Looks like it hasn't really hit release status yet, but I think it's going to be worth watching.

06 December 2007


I finally gave Ubuntu a try recently. I'd previously tried it as a VMWare Server guest and hated it. But that probably wasn't a fair shake, so I installed it on my laptop last week. I was really impressed by how easy it was to get everything set up. It only took a few hours to get it installed and pretty highly customized with some of my favorite packages, including gtkpod, grip, easytag, mplayer, fluxbox, VMWare Server, gkrellm (and a few of its plugins), and grisbi.

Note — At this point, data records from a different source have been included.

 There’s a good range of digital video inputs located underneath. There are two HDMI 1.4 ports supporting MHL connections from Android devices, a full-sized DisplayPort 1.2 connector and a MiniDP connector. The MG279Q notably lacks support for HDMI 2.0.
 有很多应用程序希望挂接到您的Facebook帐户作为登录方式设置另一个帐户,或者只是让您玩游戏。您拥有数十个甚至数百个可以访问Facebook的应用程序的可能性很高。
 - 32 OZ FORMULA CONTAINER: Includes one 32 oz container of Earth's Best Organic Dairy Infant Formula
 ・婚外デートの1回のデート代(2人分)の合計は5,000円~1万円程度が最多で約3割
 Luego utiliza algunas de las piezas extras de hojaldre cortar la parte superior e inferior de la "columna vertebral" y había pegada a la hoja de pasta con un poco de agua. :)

About the only thing that really took a while was getting fluxbox to work, and that's because Ubuntu does it rather differently than CentOS (what I'm used to). It took me a little while to realize that I needed to be using ~/.fluxbox/startup rather than ~/.Xclients, and it took me forever to cotton on to the fact that the ~/.fluxbox/keys syntax had changed between v0.9.x and v1.0.x. I'd never had the following three lines in my keys file before, but they're pretty important (you can't easily get to the fluxbox menu without them):

OnDesktop Mouse1 :HideMenus
OnDesktop Mouse2 :Workspacemenu
OnDesktop Mouse3 :RootMenu

About the only thing I couldn't do was install native drivers for one of my wireless cards. I have two cards: a Linksys WPC11v4 802.11b card and a Netgear 802.11g card. The Linksys card has open-source drivers which support monitor mode (so that I can run kismet), while the Netgear card only has Windows drivers. It was very easy getting ndiswrapper and wpa_supplicant set up for the Netgear card, but I never got the Linksys drivers working. Looks like other people have had the same trouble, and the solution may be to try a different kernel. Oh, well.

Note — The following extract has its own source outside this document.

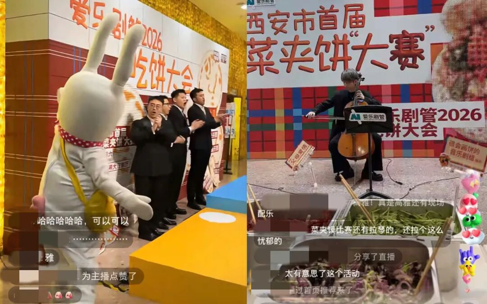 以西安菜夹饼大赛为例,本该上演交响乐、歌剧的古典音乐厅,如今被土豆丝、锅巴、油泼辣子占据,反差感拉满。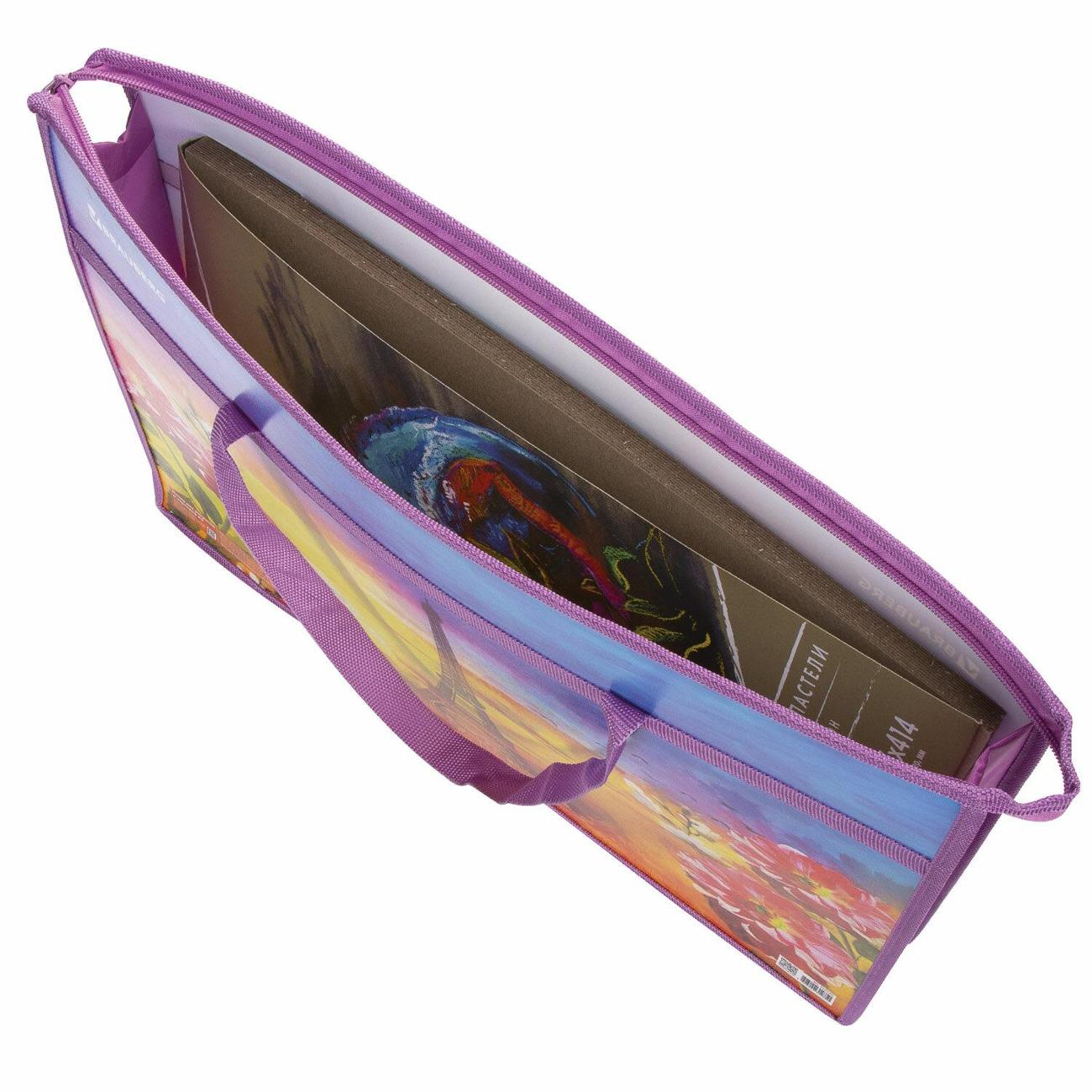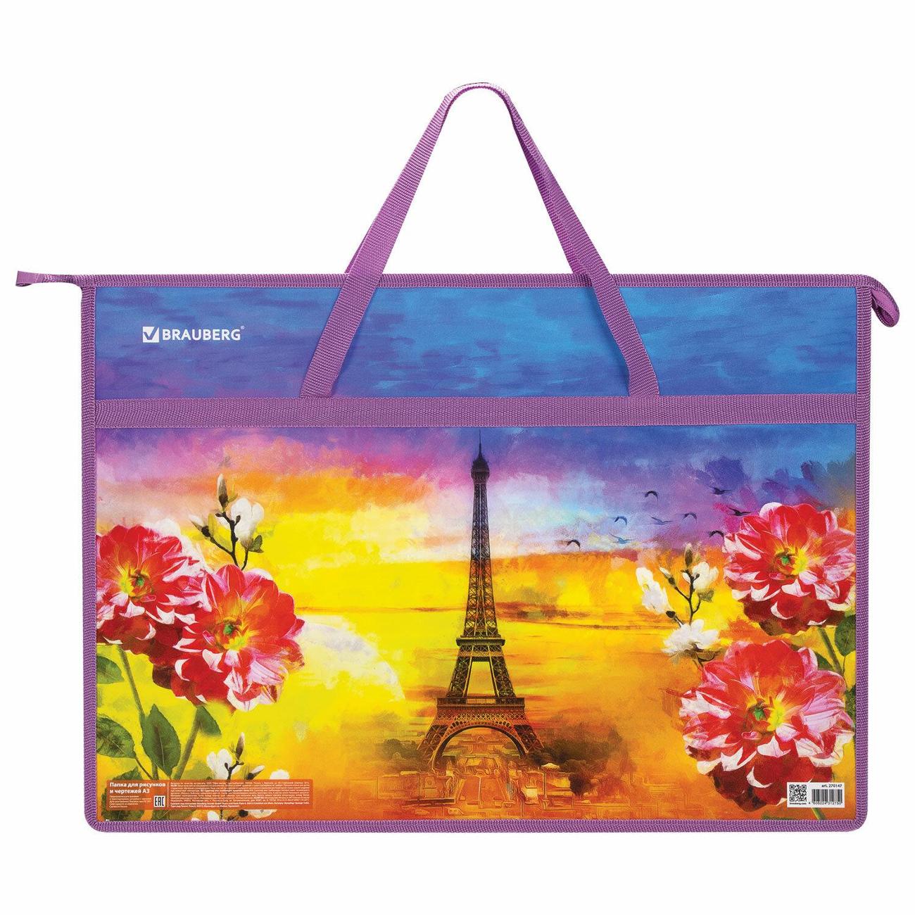 Практичная папка на молнии с ручками защитит чертежи, рисунки и другие художественные изображения формата А3 от смятия и повреждений. Изготовлена из износостойкого пластика, боковины выполнены из прочного полиэстера. Яркая и чёткая печать дизайна нанесена с двух сторон. Размер папки – 340х465 мм, ширина – 50 мм. Широкий формат позволяет разместить внутри канцелярские принадлежности для творчества. Папка оснащена удобной застёжкой-молнией сверху.

Anyway, it was all pretty easy, and I may start using Ubuntu on all my desktops. And O'Reilly's Ubuntu Hacks was pretty helpful.

05 December 2007

fetchmail for gmail

If you have lots of email accounts, it can be a real pain checking all of them. But if you're running a mail server on a Linux box somewhere (like postfix on your workstation at home, for example), you can use fetchmail to download the messages from your IMAP and POP3 mail accounts. That way, all your mail is in one place (and you only have to go to one place to read it).

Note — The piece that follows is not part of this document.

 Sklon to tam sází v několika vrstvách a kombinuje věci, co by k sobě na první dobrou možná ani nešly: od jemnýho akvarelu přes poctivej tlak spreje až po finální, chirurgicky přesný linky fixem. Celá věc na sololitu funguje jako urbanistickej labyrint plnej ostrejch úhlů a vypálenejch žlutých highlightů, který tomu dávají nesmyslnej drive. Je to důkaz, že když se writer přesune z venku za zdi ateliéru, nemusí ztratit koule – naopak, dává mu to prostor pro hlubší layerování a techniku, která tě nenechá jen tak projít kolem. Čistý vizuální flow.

gmail recently added IMAP support (it's one of the tabs under Settings). Once you enable IMAP support in your gmail account, you could add something like the following to your ~/.fetchmailrc file:

poll imap.gmail.com protocol IMAP user "my_gmail_username@gmail.com" there with password "my_password" nofetchall keep ssl

nofetchall just gets the new messages, keep prevents fetchmail from deleting the messages off your gmail account (so that you can still read them by logging on the gmail), and ssl keeps your password encrypted when fetchmail connects to gmail. Then just run fetchmail -s in cron every now and then.

Something to keep in mind is that although this won't delete your messages from gmail, it'll mark them as read. So if you log in to gmail, new messages won't look new, they'll look read (because fetchmail has read them).